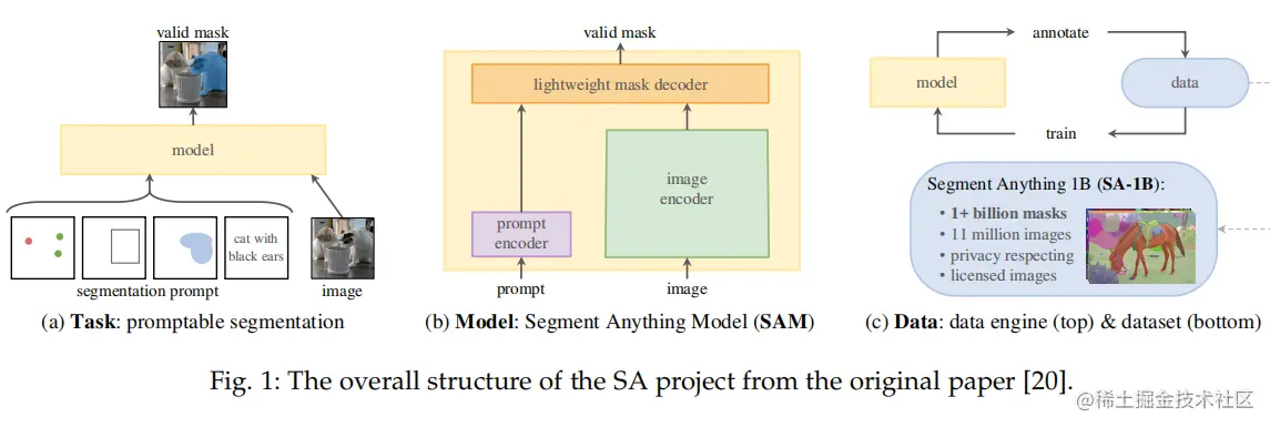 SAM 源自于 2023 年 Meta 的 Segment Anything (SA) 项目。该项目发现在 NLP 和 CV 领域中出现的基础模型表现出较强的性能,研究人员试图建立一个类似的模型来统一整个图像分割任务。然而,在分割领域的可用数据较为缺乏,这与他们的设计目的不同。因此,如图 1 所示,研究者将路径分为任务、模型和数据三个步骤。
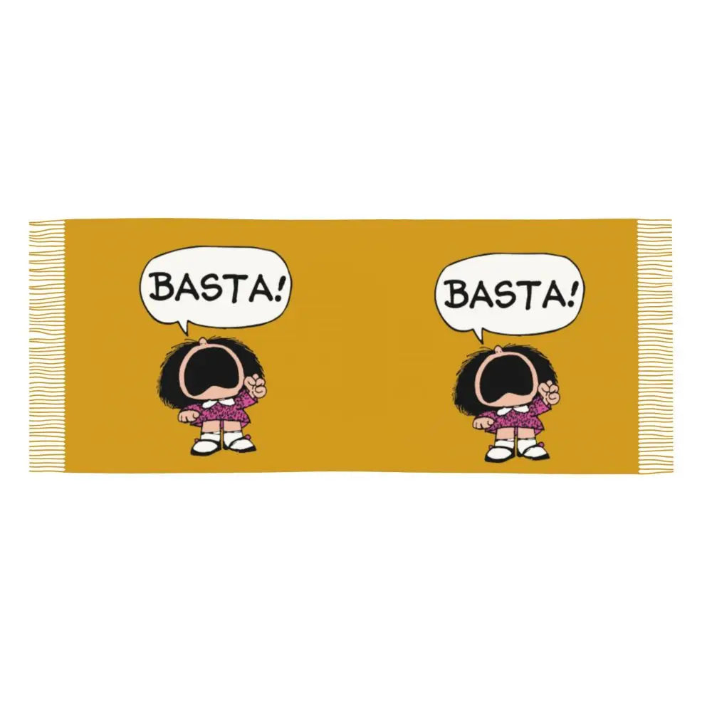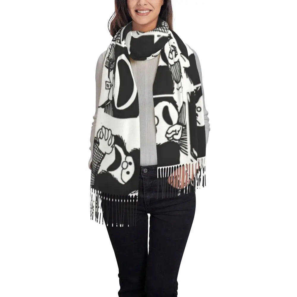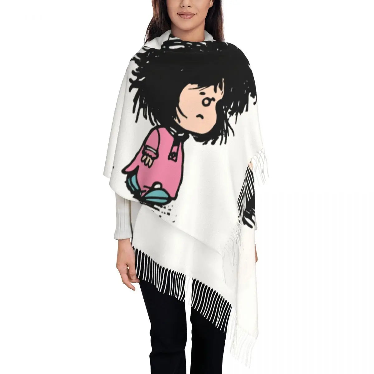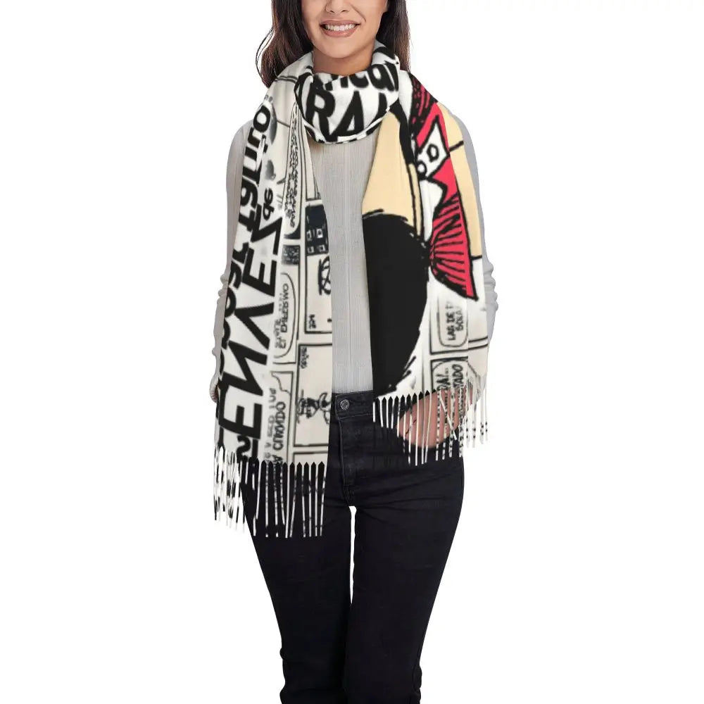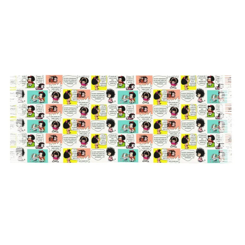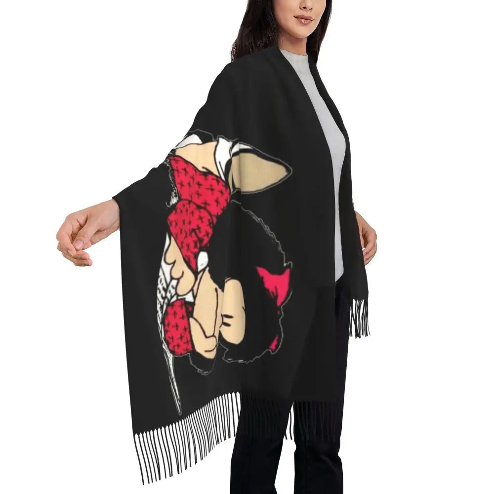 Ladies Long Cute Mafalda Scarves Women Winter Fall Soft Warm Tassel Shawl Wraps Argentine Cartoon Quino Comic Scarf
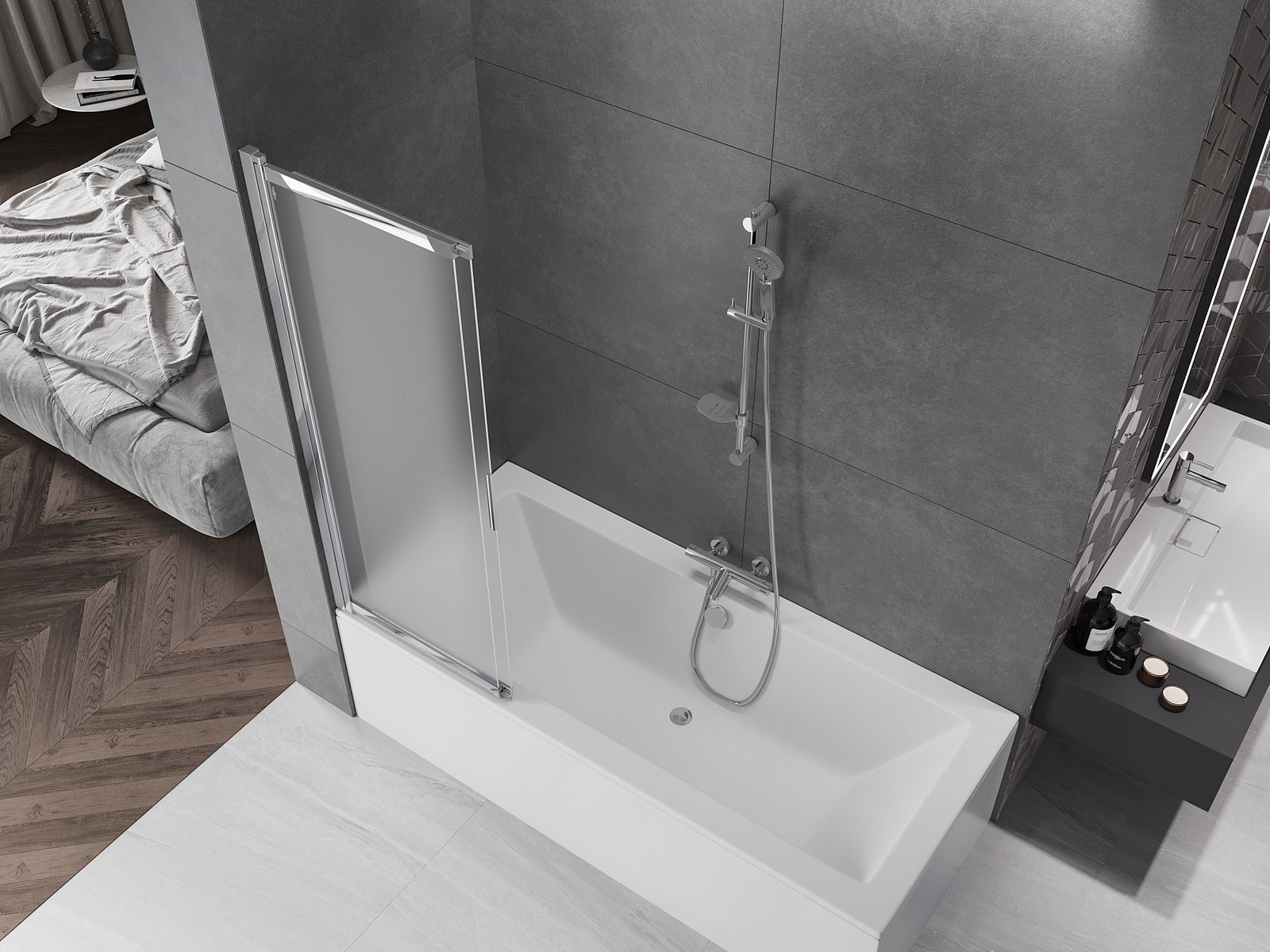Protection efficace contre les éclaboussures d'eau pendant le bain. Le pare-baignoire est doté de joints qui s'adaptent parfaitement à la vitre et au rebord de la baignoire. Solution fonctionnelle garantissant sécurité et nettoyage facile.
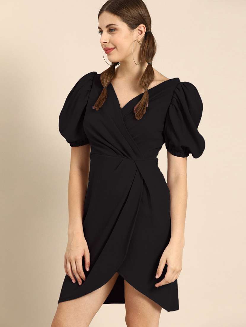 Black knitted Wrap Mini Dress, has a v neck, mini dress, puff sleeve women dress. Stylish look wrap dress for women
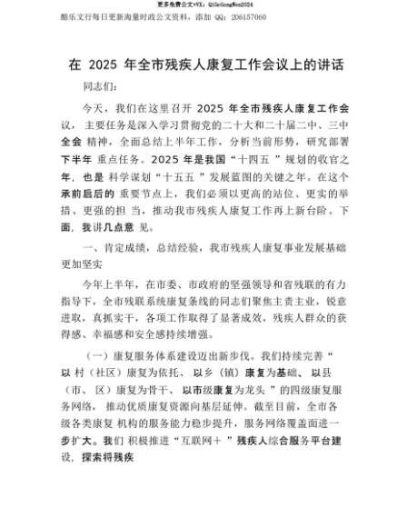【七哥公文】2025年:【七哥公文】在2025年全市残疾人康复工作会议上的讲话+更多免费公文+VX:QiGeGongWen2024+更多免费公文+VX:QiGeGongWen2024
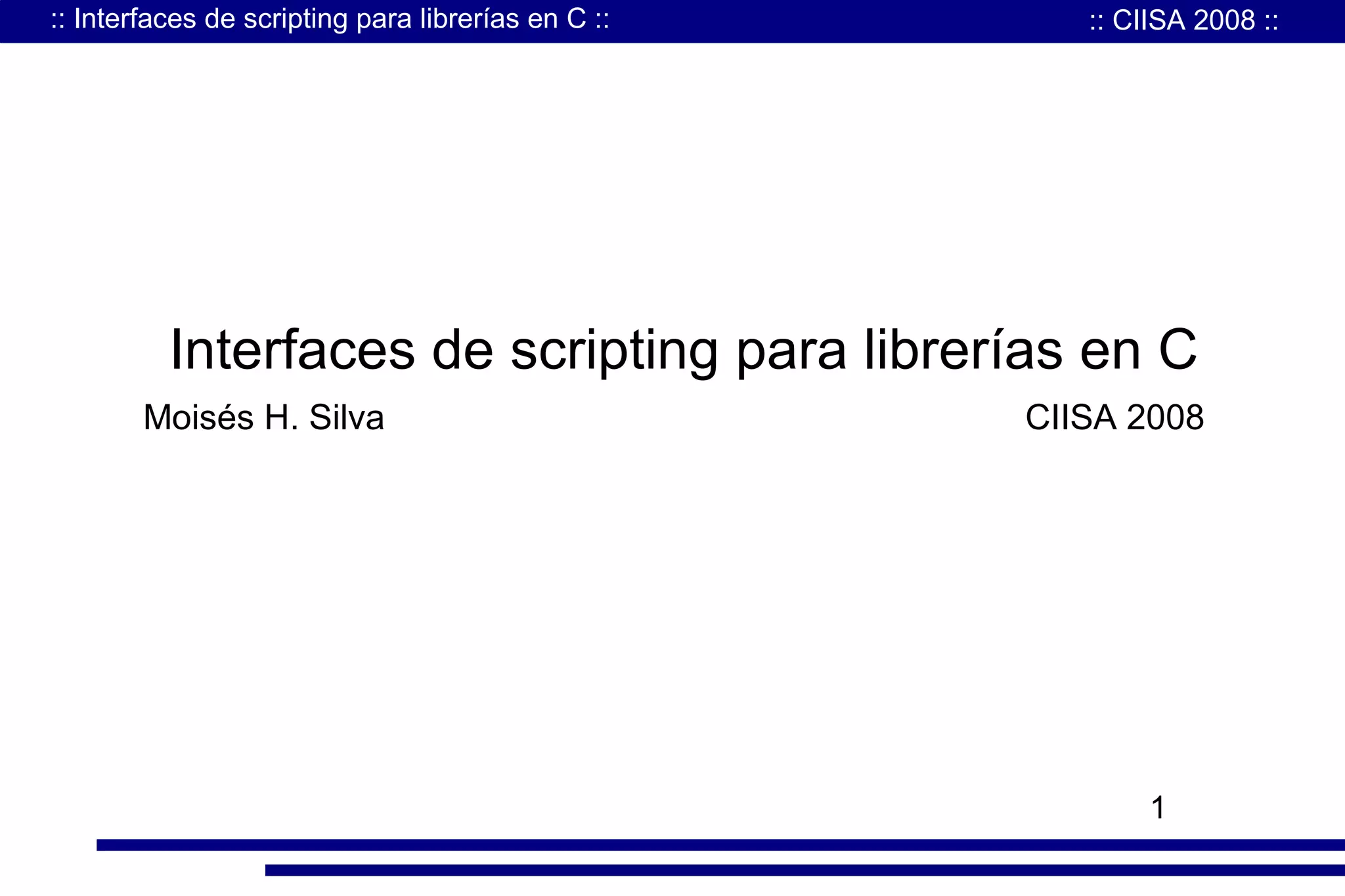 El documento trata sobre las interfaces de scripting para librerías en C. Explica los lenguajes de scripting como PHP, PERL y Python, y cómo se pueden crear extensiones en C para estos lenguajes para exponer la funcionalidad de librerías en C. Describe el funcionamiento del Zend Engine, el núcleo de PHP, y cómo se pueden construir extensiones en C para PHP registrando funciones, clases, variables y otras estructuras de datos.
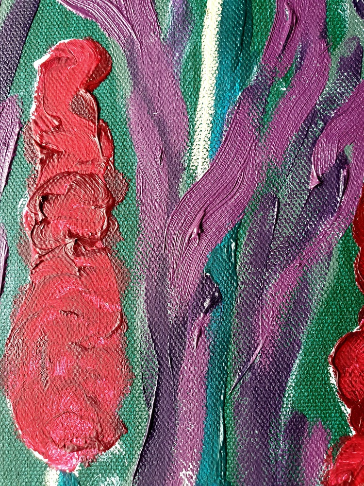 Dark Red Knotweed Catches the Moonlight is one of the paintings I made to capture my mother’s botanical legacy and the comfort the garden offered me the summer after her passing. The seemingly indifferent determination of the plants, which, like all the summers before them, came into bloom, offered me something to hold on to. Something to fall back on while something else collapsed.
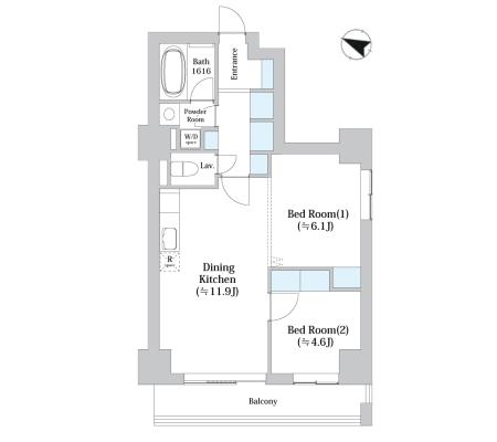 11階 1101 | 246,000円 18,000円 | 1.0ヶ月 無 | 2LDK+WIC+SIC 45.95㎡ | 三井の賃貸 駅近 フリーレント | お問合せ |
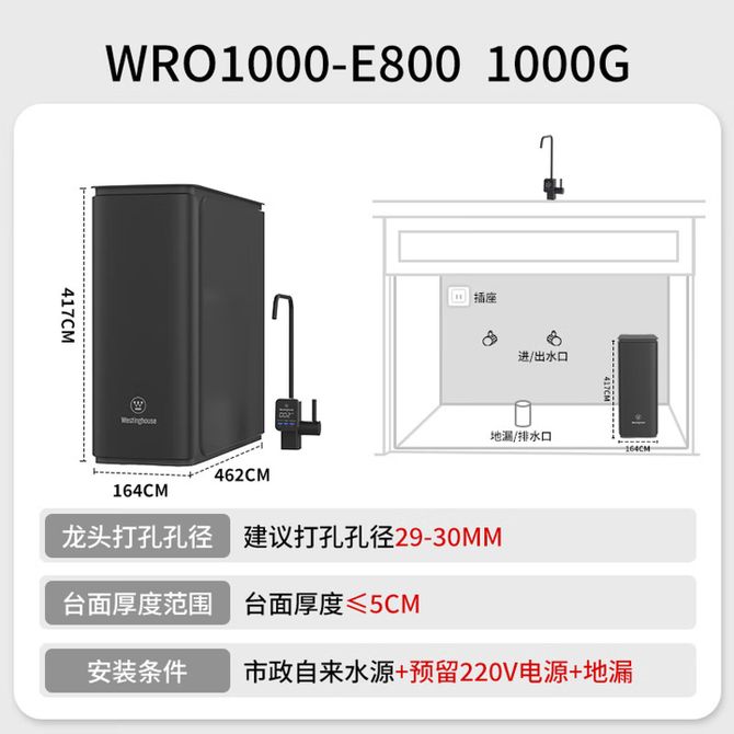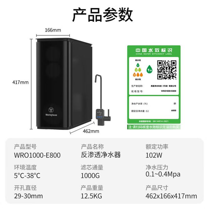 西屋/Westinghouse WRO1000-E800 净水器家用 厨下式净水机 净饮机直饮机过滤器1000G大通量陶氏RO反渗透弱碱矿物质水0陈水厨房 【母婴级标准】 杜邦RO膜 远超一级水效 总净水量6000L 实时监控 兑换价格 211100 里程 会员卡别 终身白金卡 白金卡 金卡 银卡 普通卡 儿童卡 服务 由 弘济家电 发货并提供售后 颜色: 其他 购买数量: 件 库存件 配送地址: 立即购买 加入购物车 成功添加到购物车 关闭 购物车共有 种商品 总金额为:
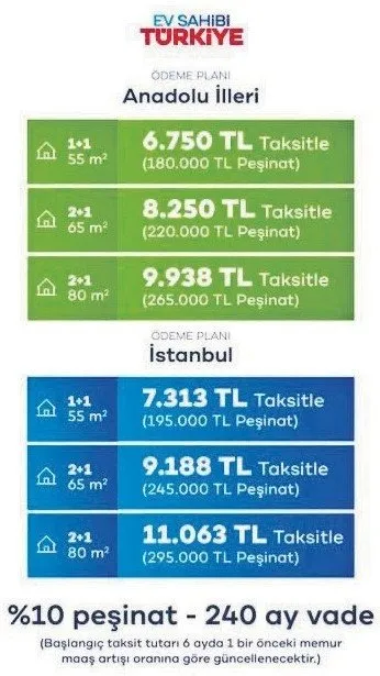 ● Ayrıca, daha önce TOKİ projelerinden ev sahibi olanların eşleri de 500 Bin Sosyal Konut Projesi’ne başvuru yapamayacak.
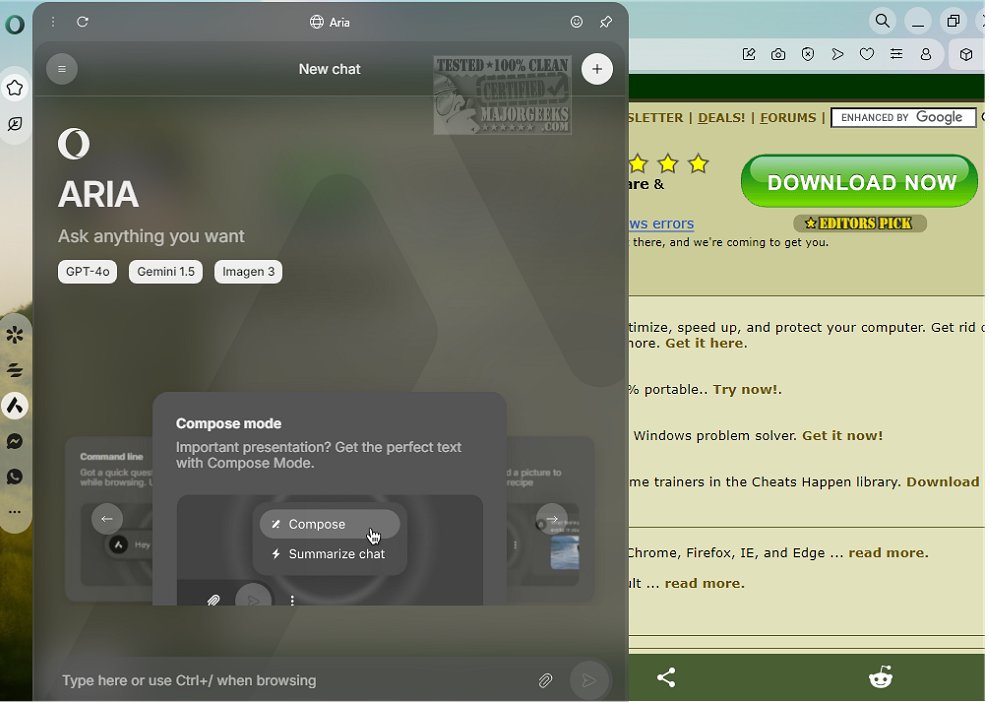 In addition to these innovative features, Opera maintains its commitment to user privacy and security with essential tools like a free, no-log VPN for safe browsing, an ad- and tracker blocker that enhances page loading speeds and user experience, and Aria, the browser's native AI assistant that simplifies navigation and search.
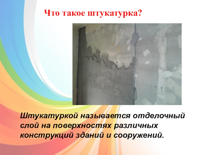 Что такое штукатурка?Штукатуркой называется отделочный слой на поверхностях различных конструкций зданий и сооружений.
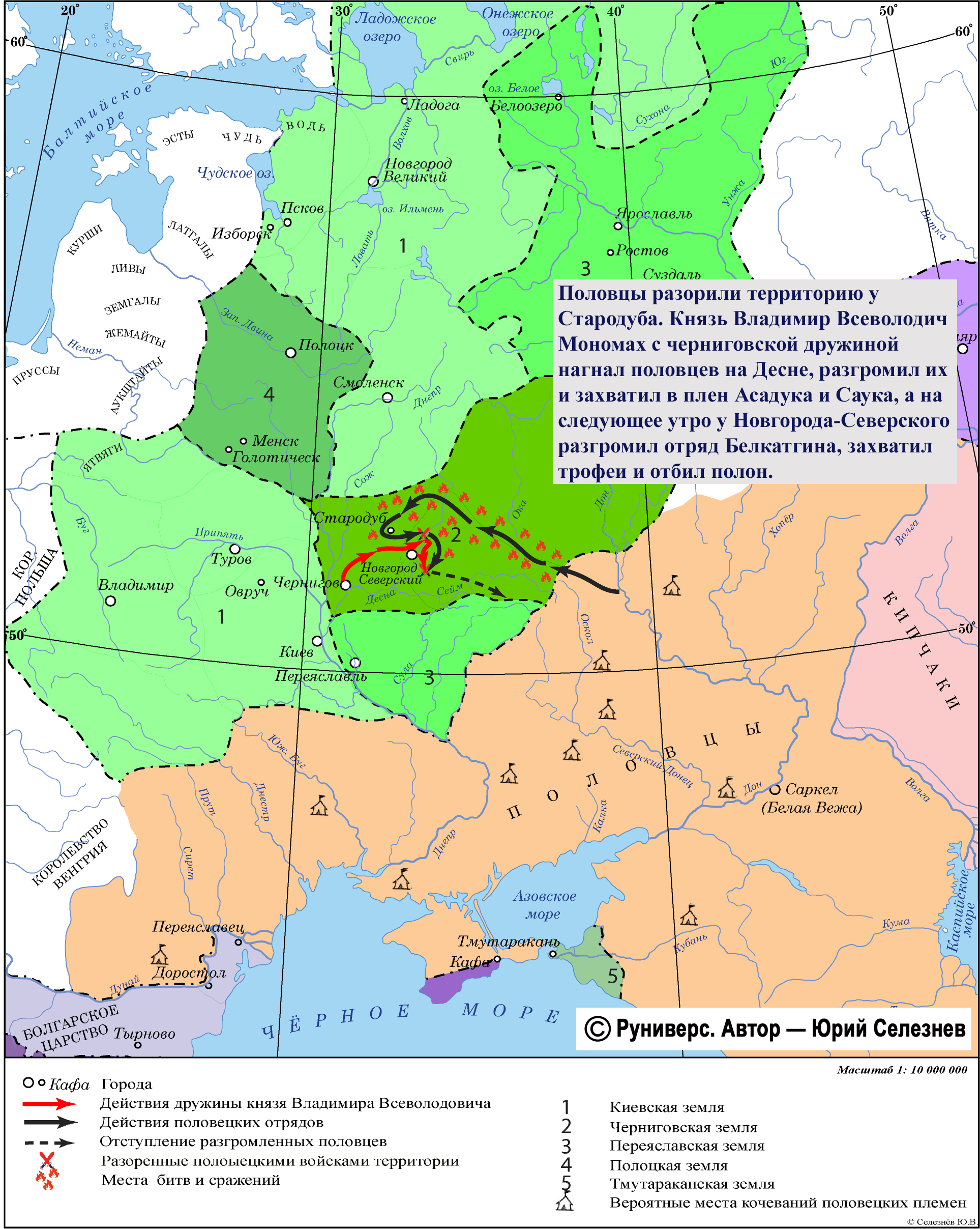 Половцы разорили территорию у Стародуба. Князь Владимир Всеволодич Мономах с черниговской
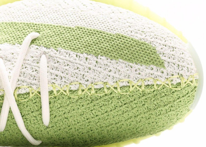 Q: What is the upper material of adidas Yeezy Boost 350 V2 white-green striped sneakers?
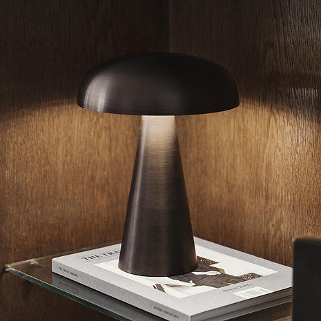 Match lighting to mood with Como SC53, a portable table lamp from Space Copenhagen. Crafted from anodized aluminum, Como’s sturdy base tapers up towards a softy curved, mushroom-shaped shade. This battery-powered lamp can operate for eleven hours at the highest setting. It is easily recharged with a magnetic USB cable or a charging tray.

┄┄┄┄┄┄

EXERCISE: Word for word, repeat only the lines from the line containing "Q: What is the" through the end of the data, without any pictures.

SOLUTION TO THE PROBLEM:
 Q: What is the upper material of adidas Yeezy Boost 350 V2 white-green striped sneakers?
 Match lighting to mood with Como SC53, a portable table lamp from Space Copenhagen. Crafted from anodized aluminum, Como’s sturdy base tapers up towards a softy curved, mushroom-shaped shade. This battery-powered lamp can operate for eleven hours at the highest setting. It is easily recharged with a magnetic USB cable or a charging tray.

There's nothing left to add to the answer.